### Work to be completed
Please transcribe the data exactly as shown, skipping the images.

### Available data
————
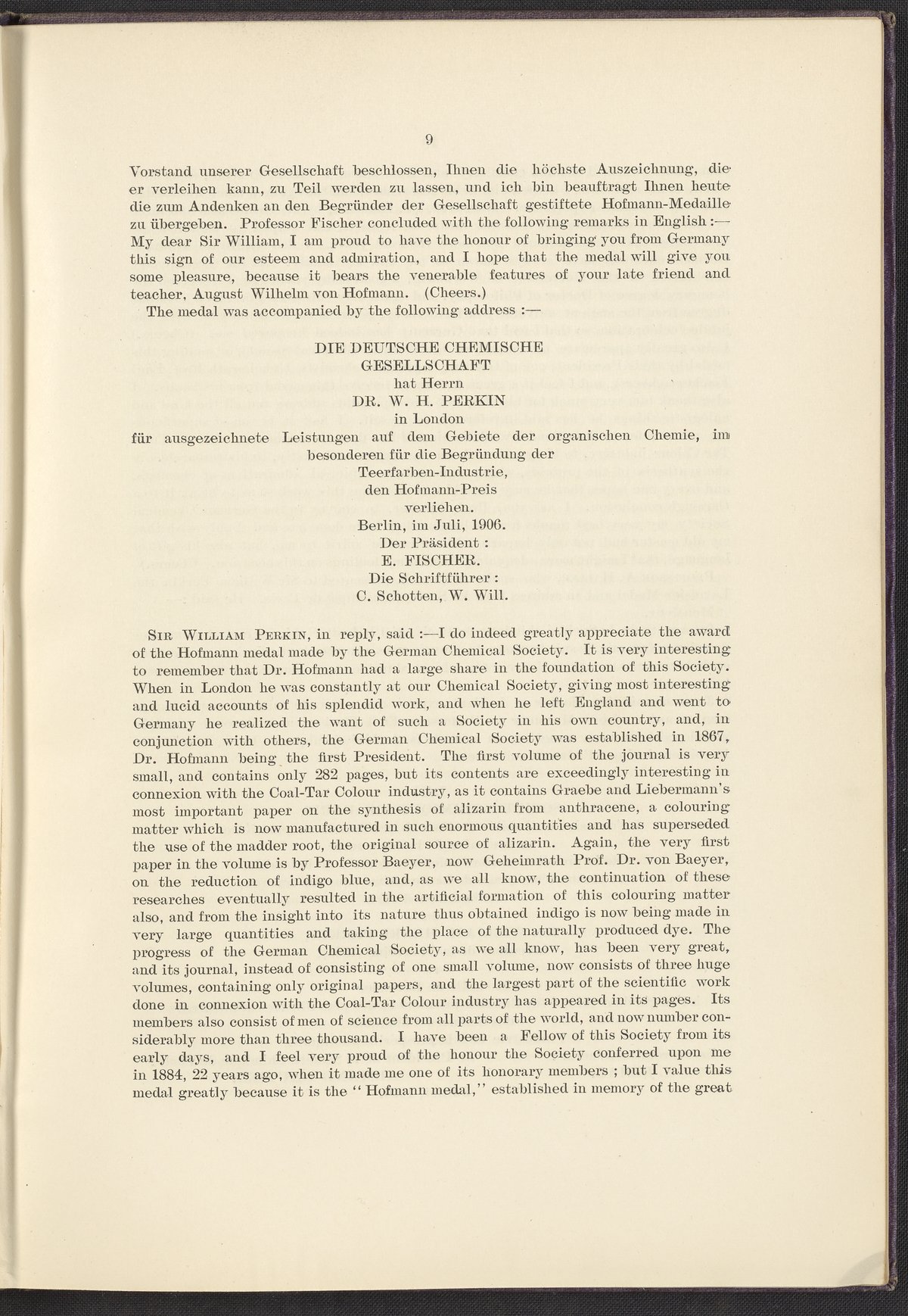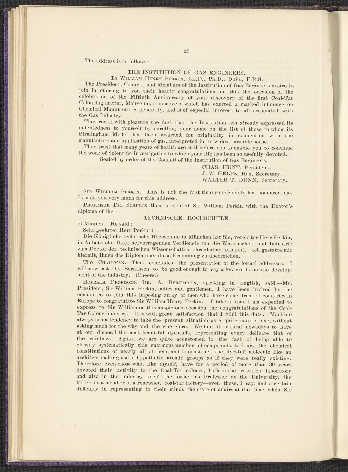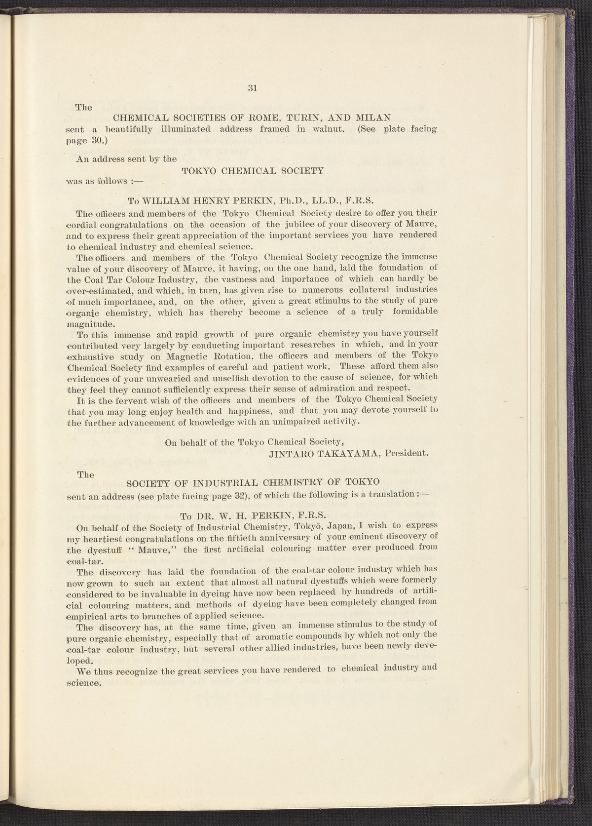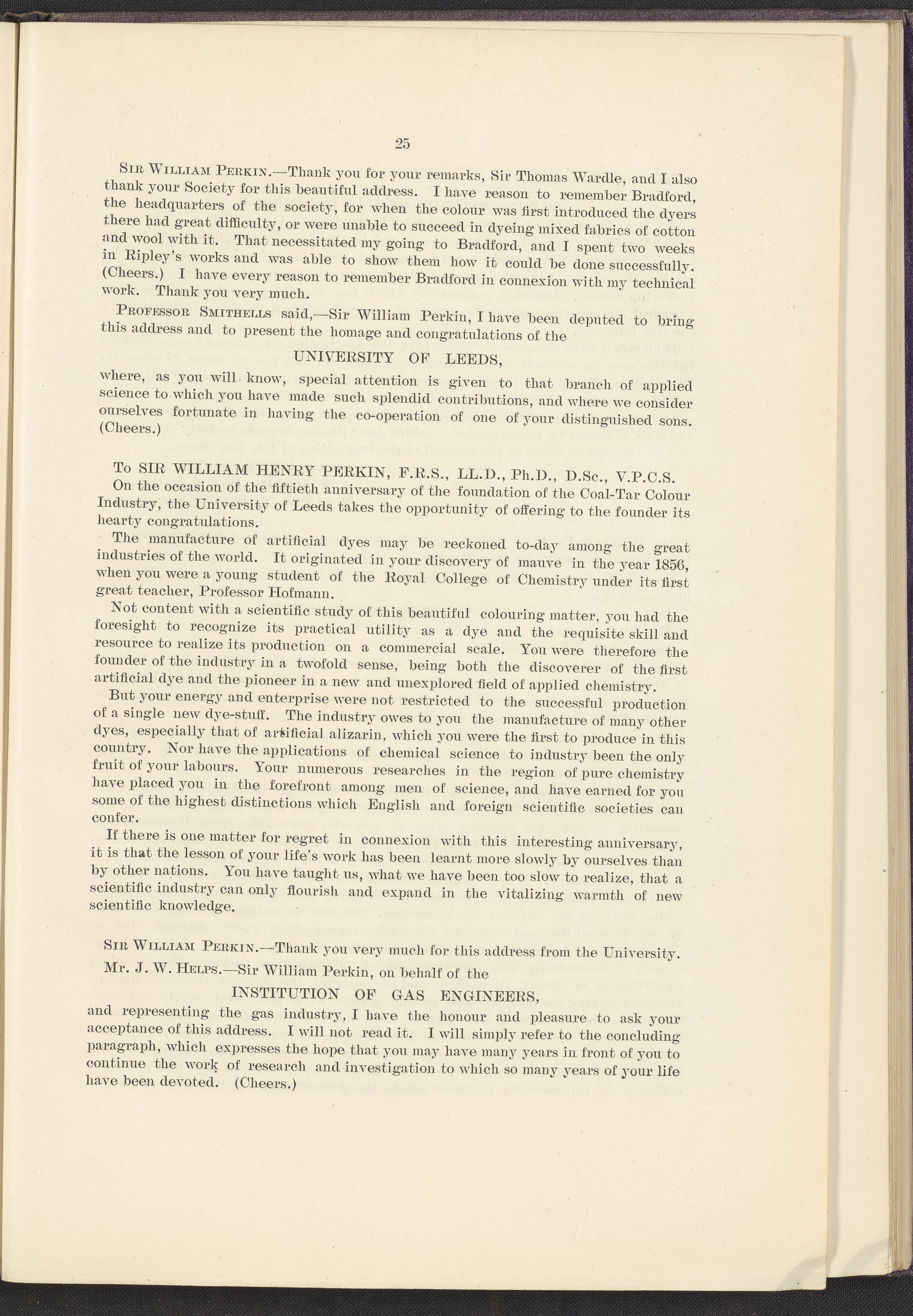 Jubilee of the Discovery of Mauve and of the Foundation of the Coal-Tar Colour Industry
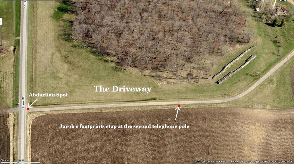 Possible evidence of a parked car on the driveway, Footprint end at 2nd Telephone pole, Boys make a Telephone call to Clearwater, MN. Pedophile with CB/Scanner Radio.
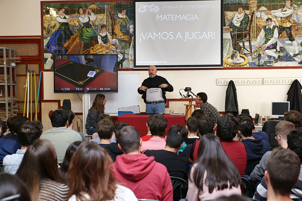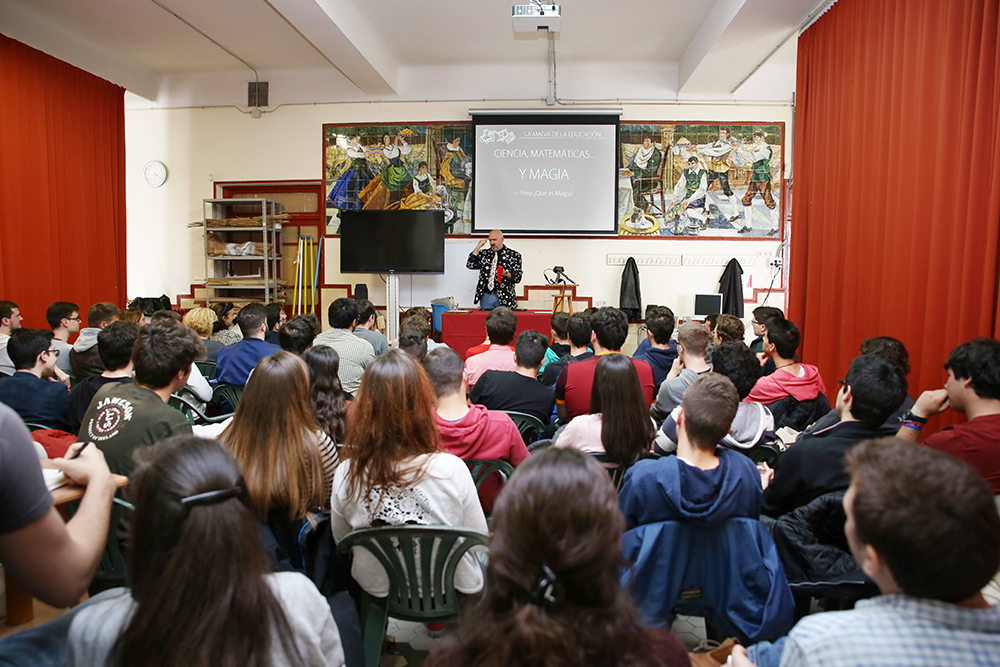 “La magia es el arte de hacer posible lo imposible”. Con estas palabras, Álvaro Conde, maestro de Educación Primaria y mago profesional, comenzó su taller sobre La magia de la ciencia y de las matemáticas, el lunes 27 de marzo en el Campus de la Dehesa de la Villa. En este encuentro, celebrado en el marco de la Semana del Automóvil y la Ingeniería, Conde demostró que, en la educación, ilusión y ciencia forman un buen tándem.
————
### Answer to this task
 Jubilee of the Discovery of Mauve and of the Foundation of the Coal-Tar Colour Industry
 Possible evidence of a parked car on the driveway, Footprint end at 2nd Telephone pole, Boys make a Telephone call to Clearwater, MN. Pedophile with CB/Scanner Radio.
 “La magia es el arte de hacer posible lo imposible”. Con estas palabras, Álvaro Conde, maestro de Educación Primaria y mago profesional, comenzó su taller sobre La magia de la ciencia y de las matemáticas, el lunes 27 de marzo en el Campus de la Dehesa de la Villa. En este encuentro, celebrado en el marco de la Semana del Automóvil y la Ingeniería, Conde demostró que, en la educación, ilusión y ciencia forman un buen tándem.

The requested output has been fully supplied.